Description of the task >>
For the listing below, output exactly the lines from the line with "Keep a keyboard" up to and including the line with "Hem carregat les", and no other lines.

Records to process >>
========

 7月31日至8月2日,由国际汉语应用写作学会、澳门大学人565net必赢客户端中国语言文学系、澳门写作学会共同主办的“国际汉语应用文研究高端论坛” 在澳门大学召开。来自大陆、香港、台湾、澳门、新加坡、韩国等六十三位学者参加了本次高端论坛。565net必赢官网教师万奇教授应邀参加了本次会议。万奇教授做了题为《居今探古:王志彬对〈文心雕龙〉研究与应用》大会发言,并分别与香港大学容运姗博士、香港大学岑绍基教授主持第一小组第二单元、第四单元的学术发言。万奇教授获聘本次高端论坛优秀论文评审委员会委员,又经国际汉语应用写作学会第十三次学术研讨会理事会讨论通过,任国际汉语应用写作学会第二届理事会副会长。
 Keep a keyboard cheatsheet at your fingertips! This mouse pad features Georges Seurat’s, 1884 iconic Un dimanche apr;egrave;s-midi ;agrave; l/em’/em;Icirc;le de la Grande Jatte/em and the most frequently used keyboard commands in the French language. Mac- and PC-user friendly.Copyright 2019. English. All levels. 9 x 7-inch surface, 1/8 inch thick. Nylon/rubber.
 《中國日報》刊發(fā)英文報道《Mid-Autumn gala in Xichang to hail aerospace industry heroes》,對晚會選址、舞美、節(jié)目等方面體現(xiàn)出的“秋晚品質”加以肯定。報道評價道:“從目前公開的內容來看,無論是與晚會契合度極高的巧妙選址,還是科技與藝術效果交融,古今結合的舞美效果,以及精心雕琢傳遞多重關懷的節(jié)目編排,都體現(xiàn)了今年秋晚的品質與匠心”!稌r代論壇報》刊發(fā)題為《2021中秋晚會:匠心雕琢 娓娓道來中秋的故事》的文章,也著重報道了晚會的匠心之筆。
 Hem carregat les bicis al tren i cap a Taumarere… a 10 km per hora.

========

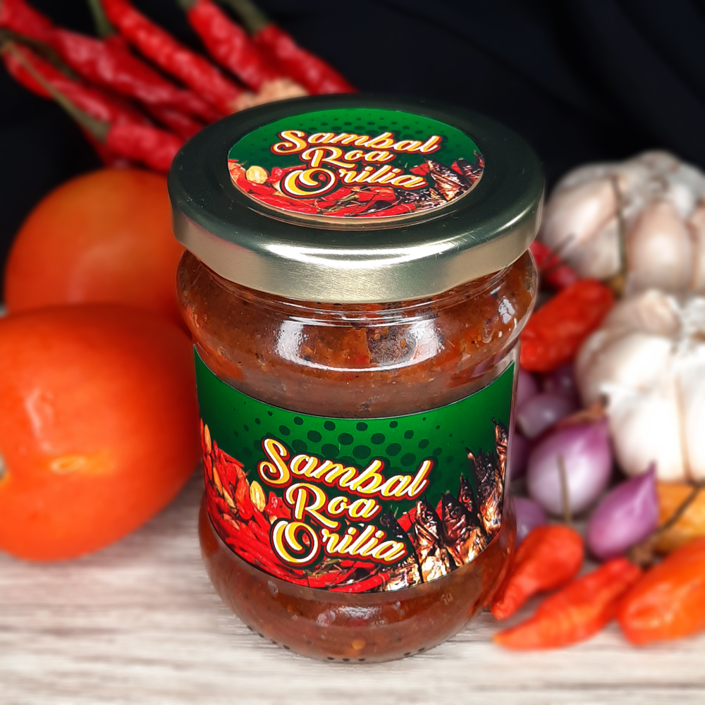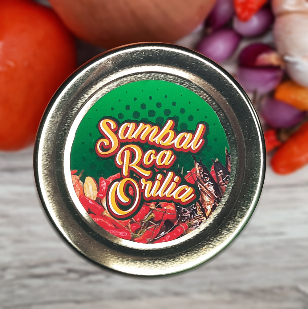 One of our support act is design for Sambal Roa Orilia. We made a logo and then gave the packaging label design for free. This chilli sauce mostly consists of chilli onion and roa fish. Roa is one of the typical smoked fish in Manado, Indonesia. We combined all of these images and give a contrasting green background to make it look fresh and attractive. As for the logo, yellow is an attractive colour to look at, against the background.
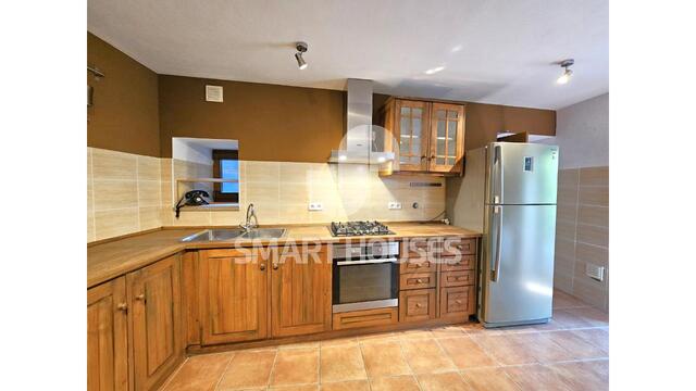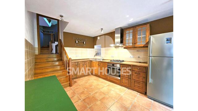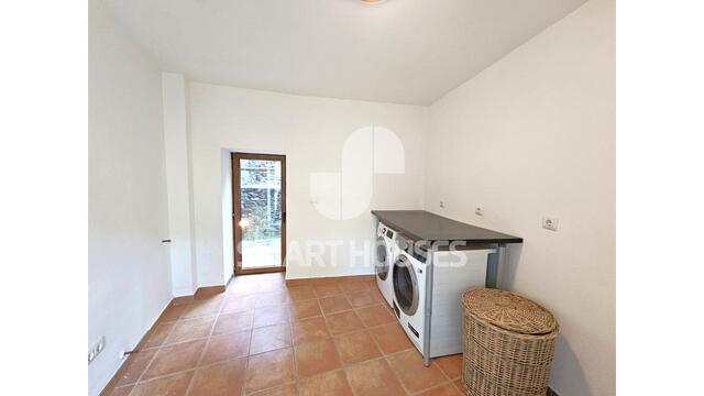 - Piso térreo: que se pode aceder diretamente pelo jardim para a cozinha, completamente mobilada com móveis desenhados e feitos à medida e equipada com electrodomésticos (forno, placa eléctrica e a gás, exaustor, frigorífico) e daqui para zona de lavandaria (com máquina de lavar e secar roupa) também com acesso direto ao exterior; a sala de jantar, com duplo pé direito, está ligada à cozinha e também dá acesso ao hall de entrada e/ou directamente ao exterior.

========

Exercise answer >>
 Keep a keyboard cheatsheet at your fingertips! This mouse pad features Georges Seurat’s, 1884 iconic Un dimanche apr;egrave;s-midi ;agrave; l/em’/em;Icirc;le de la Grande Jatte/em and the most frequently used keyboard commands in the French language. Mac- and PC-user friendly.Copyright 2019. English. All levels. 9 x 7-inch surface, 1/8 inch thick. Nylon/rubber.
 《中國日報》刊發(fā)英文報道《Mid-Autumn gala in Xichang to hail aerospace industry heroes》,對晚會選址、舞美、節(jié)目等方面體現(xiàn)出的“秋晚品質”加以肯定。報道評價道:“從目前公開的內容來看,無論是與晚會契合度極高的巧妙選址,還是科技與藝術效果交融,古今結合的舞美效果,以及精心雕琢傳遞多重關懷的節(jié)目編排,都體現(xiàn)了今年秋晚的品質與匠心”!稌r代論壇報》刊發(fā)題為《2021中秋晚會:匠心雕琢 娓娓道來中秋的故事》的文章,也著重報道了晚會的匠心之筆。
 Hem carregat les bicis al tren i cap a Taumarere… a 10 km per hora.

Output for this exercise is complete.